Ever and anon, out of the gig he sprung, and bolted into a house. Here there was a sudden burst of exclamation, a violent shaking of hands. Out he came again, and a whole troop of people after him. "Well but Mr. ----, don't you take my wool this time!" "Oh! why not? What is it? what weight? what do you want?" "It is so and so, and I want so much for it." "Oh, fie, mon! I'll gie ye so much!" "That's too little." "Well, that's what I'll gie--ye can send it, if ye like the price;" and away we brushed, the man all life and jollity giving me a poke in the side with his elbow, and a knowing look, with--"He'll send it! It won't do to spend much time over these little lots;" and away we went. At one house, no sooner did he enter, than out came a bonny lass with a glass and the whisky-bottle, and most earnestly and respectfully pressing that I should take a glass! "What could the bonny girl mean by being so urgent that I should take some of her whisky?" "Oh," said he, laughing heartily, "it was because I told her that ye were a Free-church minister frae London, and they're mighty zealous Free-church folk here."

At Selkirk my jolly friend put himself and horse to a great deal of labor in ascending the steep hill into the town, which we might have avoided, that I might see the statue of Sir Walter Scott, by Richie, in the market-place. This, however, was but part of his object. Leaving the gig at the inn, he said we must just look in on a friend of his. It was at a little grocer's shop, and, in a little dusky parlor, he introduced me to a young lady, his wife's sister, and we must have some tea with her. The young lady was a comely, quiet, dark-complexioned person, who seemed to have a deal of quiet sense, and some sly humor; just such a person as Scott would have introduced into one of his stories as a Jenny Middlemass; or the like; and it was most amusing to sit and listen to all their talk, and jokes, and his mystifications, and her quick detection of them, and their united mirth over them. The good man finally landed me in Galashiels, and there I had no little difficulty in getting away to my inn; as he thought of nothing less than my staying to supper with him, and hearing a great deal more of all the country round, of Scott and Burns, Hogg and wool-buying, trading and tradition, the old glories of border reiving, and new glories of Galashiels, and its spinning and weaving, without end.

SAMUEL TAYLOR COLERIDGE.

Coleridge, whose simple, unworldly character is as well known as his genius, seems to have inherited his particular disposition from his father. His father was the Rev. John Coleridge, the vicar of Ottery St. Mary, in Devonshire. He was a learned man, the head master of the free grammar-school at Ottery, as well as vicar. He had been previously head master of the school at South Molton, and was one of the persons who assisted Dr. Kennicott in his Hebrew Bible. "He was an exceedingly studious man," says Gillman, on the authority of Coleridge himself, "pious, of primitive manners, and the most simple habits: passing events were little heeded by him, and therefore he was usually characterized as 'the absent man.'" Coleridge was born October 21st, 1772, the youngest of thirteen children, of which nine were sons, one of whom died in infancy. Of all these sons Coleridge is said to have most resembled his father in mind and habit. His mother was, except for education, in which she was deficient, a most fitting wife for such a man. She was an active, careful housekeeper and manager, looked well after worldly affairs, and was ambitious to place her sons well in the world. She always told them to look after good, substantial, sensible women, and not after fine harpsichord ladies. Coleridge used to relate many instances of his father's absence of mind, one or two of which we may quote. On one occasion, having to breakfast with his bishop, he went, as was the practice of that day, into a barber's shop to have his head shaved, wigs being then in common use. Just as the operation was completed, the clock struck nine, the hour at which the bishop punctually breakfasted. Roused as from a revery, he instantly left the barber's shop, and in his haste forgetting his wig, appeared at the breakfast-table, where the bishop and his party had assembled. The bishop, well acquainted with his absent manners, courteously and playfully requested him to walk into an adjoining room, and give his opinion of a mirror which had arrived from London a few days previously, and which disclosed to his astonished guest the consequence of his haste and forgetfulness.

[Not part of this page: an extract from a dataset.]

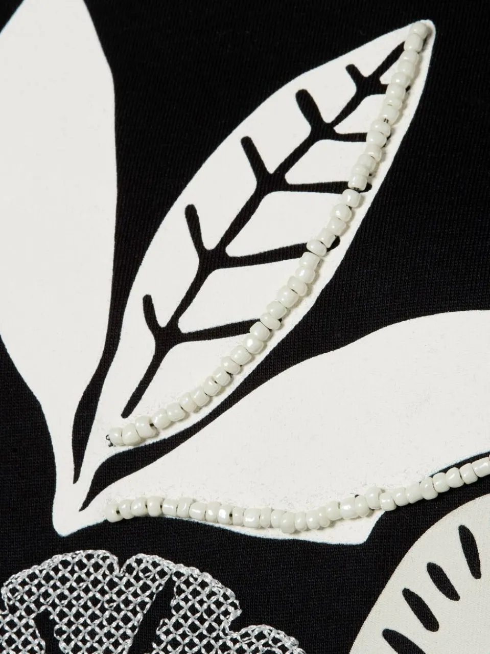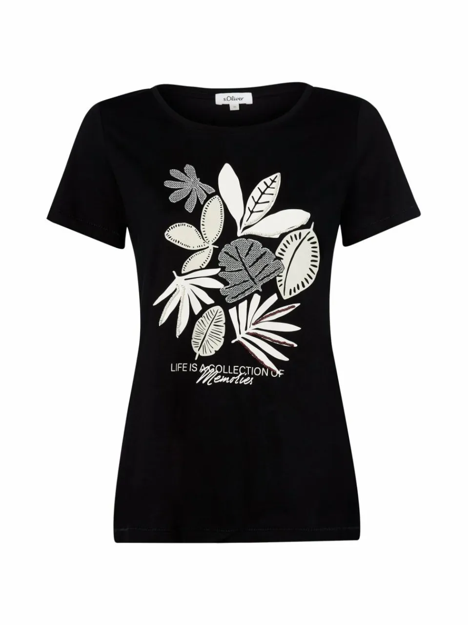 Das T-Shirt von s.Oliver aus Baumwoll-Jersey mit botanischem Print-, Stickerei- und Zierperlen-Design vereint verspielte Details mit natürlichem Charme.

The old gentleman, Coleridge also related, had to take a journey on some professional business, which would detain him from home for three or four days: his good wife, in her care and watchfulness, had packed a few things in a small trunk, and gave them in charge to her husband, with strong injunctions that he was to put on a clean shirt every day. On his return home, his wife went to search for his linen, when, to her dismay, it was not in the trunk. A closer search, however, discovered that the vicar had strictly obeyed her injunctions, and had put on daily a clean shirt, but had forgotten to remove the one underneath. This might have been the pleasantest and most portable mode of carrying half-a-dozen shirts in winter, but not so in the dog-days.

The poor idolized him and paid him the greatest reverence; and among other causes, for the odd one of quoting the original Hebrew liberally in his sermons. They felt themselves particularly favored by his giving them "the very words the Spirit spoke in;" the agricultural population flocked in from the neighborhood with great eagerness to hear him on this account; and such an opinion did they acquire of his learning, that they regarded his successor with much contempt, because he addressed them in simple English. This worthy old man died when Coleridge was about seven years old only.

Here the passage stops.